Нашла, положила монету перед собой и, таращась на вписанную в круг пятерку, забормотала классическую сыщицкую речевку, знакомую с детских лет:

– Раз, два, три, четыре, пять, я иду искать! Кто не спрятался, я не виновата! Итак, вопрос первый: случайно ли в этой истории появился фальшивый пятак?

– По-моему, это не самый актуальный вопрос! – покритиковала меня Тяпа.

– Я не утверждаю, что он номер один по важности, просто он самым первым пришел мне в голову, – оправдалась я.

– Записывай вопросы, – посоветовала Нюня.

Это было толковое предложение, но реализовать его оказалось непросто. Мемуаров никто из обитателей нашего курятника пока не писал, так что принадлежностей для письма в домике не было. Подумав немного, ручку я заменила косметическим карандашом, но бумагу нашла только туалетную. Использовать не по назначению ватерклозетный папирус показалось мне оскорбительным для высокого искусства сыска и следствия, и тут я вовремя вспомнила о блокноте, который конфисковала в ходе обыска в Ромином скворечнике.

– Раньше это была шпионская записная книжка – теперь будет детективная! – постановила я, открывая чужой блокнот, исписанный всего на треть или даже меньше.

Банковская купюра, исполняющая роль закладки, мне мешала, и я бесцеремонно вытряхнула ее. Пятисотка спланировала на парту и легла рядом с фальшивым пятаком. Лишь благодаря этому компрометирующему соседству я удостоила банкноту особого внимания и с большим интересом ее рассмотрела.

Купюра была волнистая, вроде как мятая, похоже, она сначала сильно намокла, а потом просохла, но при этом утратила свежесть и как будто даже полиняла.

– Может, Рома сунул пятисотку в блокнот, а потом между зеркалом и стеной для того, чтобы она просохла? – предположила Тяпа.

– Стирал он ее, что ли? – удивилась Нюня.

– Ага!

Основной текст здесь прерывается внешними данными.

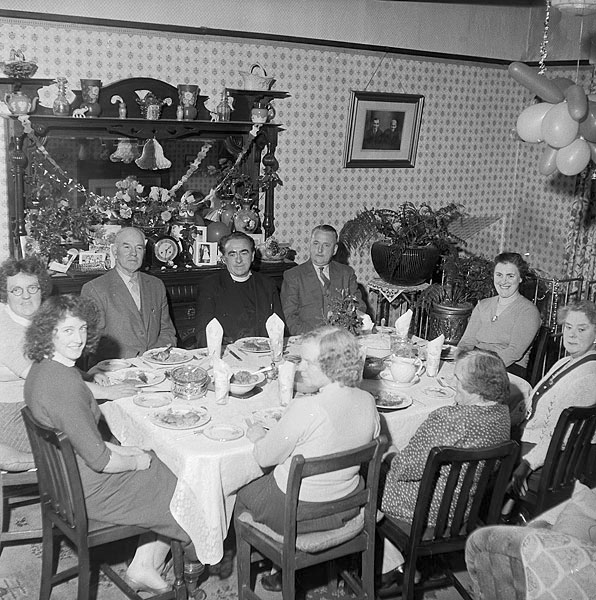 Teitl Cymraeg/Welsh title: Dathlu'r Calan Hen yng Nghwm Gwaun Ffotograffydd/Photographer: Geoff Charles (1909-2002) Dyddiad/Date: 19/1/1961 Cyfrwng/Medium: Negydd ffilm / Film negative Cyfeiriad/Reference: (gch22984) Rhif cofnod / Record no.: 3470798 Rhagor o wybodaeth am gasgliad Geoff Charles yn Llyfrgell Genedlaethol Cymru More information about the Geoff Charles Collection at the National Library of Wales Mae ffotograffau Geoff Charles hefyd yn rhan o Broject Europeana Libraries Geoff Charles' photographs also form part of the Europeana Libraries Project

Деньги отмывал! – хохотнула моя нахалка.

– Так. Есть у меня одно нехорошее предположение, которое нуждается в срочной проверке! – сообщила я и встала из-за парты.

Тетя Люся сидела в своем виноградном офисе, шикарно курила «Мальборо» в янтарном мундштуке и читала Томаса Манна.

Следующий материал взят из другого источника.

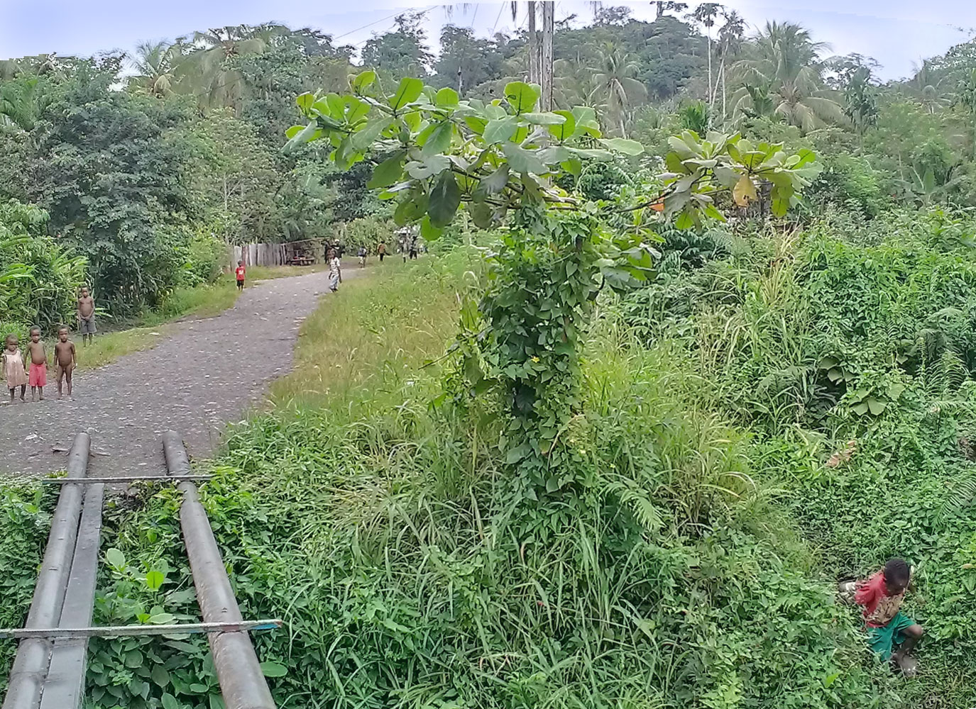 Improvised bridge on Mountain Cresent - Boundry / Atzera Settlements

– Тетечка Люсечка, вы не одолжите мне пятьсот рублей одной купюрой, на полчасика всего? – на одном дыхании протарахтела я, врываясь под зеленый свод.

Хозяйка сделала длинную затяжку, потом отвела в сторону руку с дымящей пахитоской и посмотрела на меня долгим взглядом психиатра, прикидывающего, не пора ли звать к пациенту санитаров. Я мысленно оценила состояние своих финансов и спешно добавила фразу, которая должна была убедить тетю Люсю в крепости моего рассудка:

– Верну через полчаса на полтинник больше!

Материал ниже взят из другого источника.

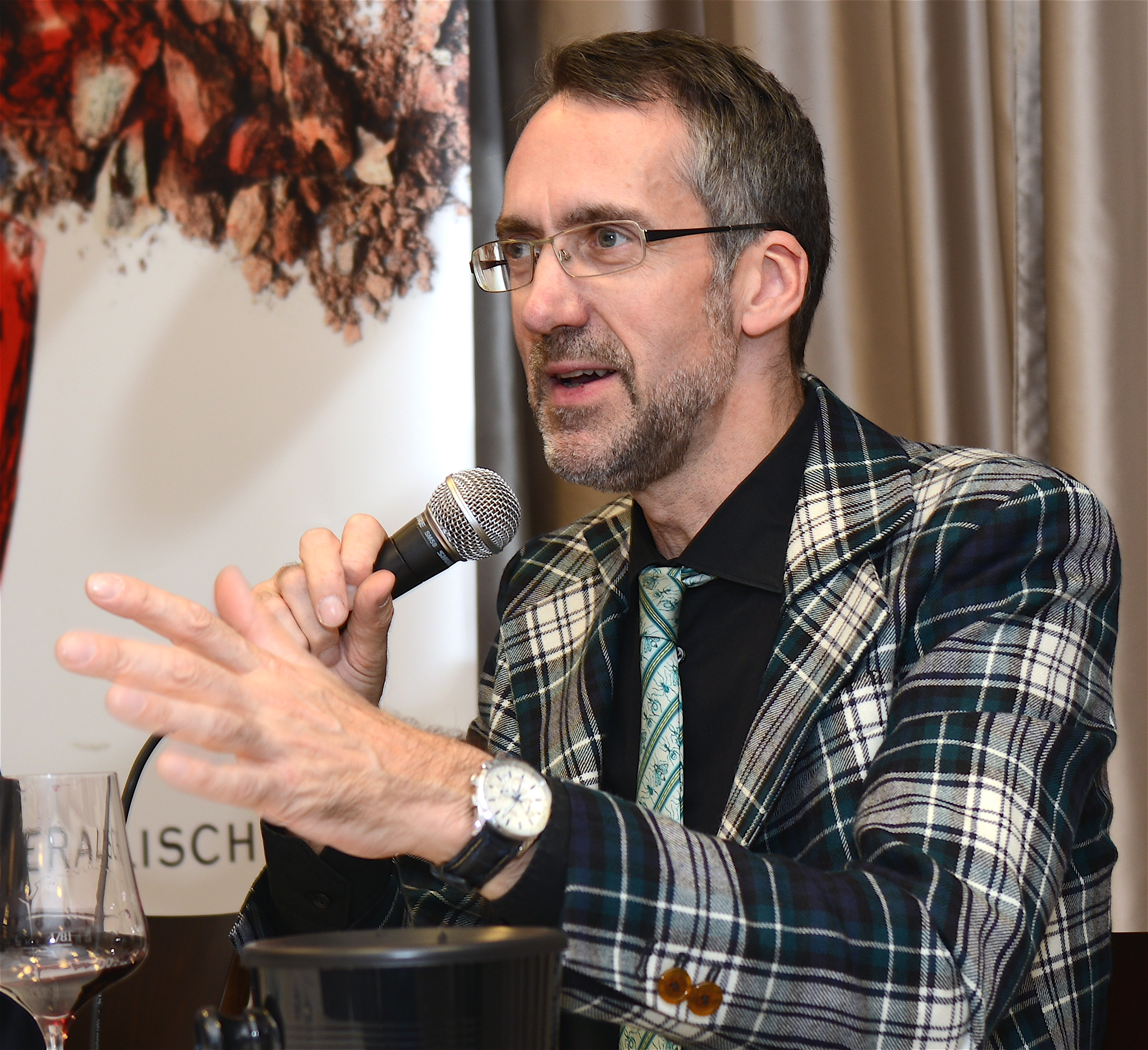 Stuart Pigott, 2014

Хозяйка выпустила в просвет между кружевными листьями сизую струю дыма и подарила мне монарший кивок:

– Я беру десять процентов в день, а не в час! Вернешь пятьсот десять, этого будет достаточно.

Потрясенная такой неслыханной щедростью, я с благодарностью приняла протянутую мне купюру и удалилась, пятясь и часто приседая в благодарственных книксенах.

Следующие пятнадцать минут я посвятила сравнительному анализу двух банкнот. Я их мяла, щупала, смотрела на просвет, терла сначала сухой, а потом мокрой зубной щеткой, сгибала пополам и снова терла… Не рискнула только поливать кислотой и поджигать, чтобы не испортить подлежащую возврату купюру хозяйки.

В результате многоэтапного эксперимента выяснилось следующее. Купюра номер один (изъятая из блокнота) отличалась от тети-Люсиного образца цветом и качеством бумаги. У первой пятисотки бумага была более тонкой, а цвета более тусклыми. Тонюсенькие волосинки, микроскопическими червячками разбросанные по банкнотам, в первом случае оказались нарисованными. Водяных знаков на Роминой пятисотке я не нашла вовсе, а серебристая полосочка, пунктиром тянущаяся поперек купюры, оказалась приклеенной. В общем, дураку было ясно, что денежка фальшивая.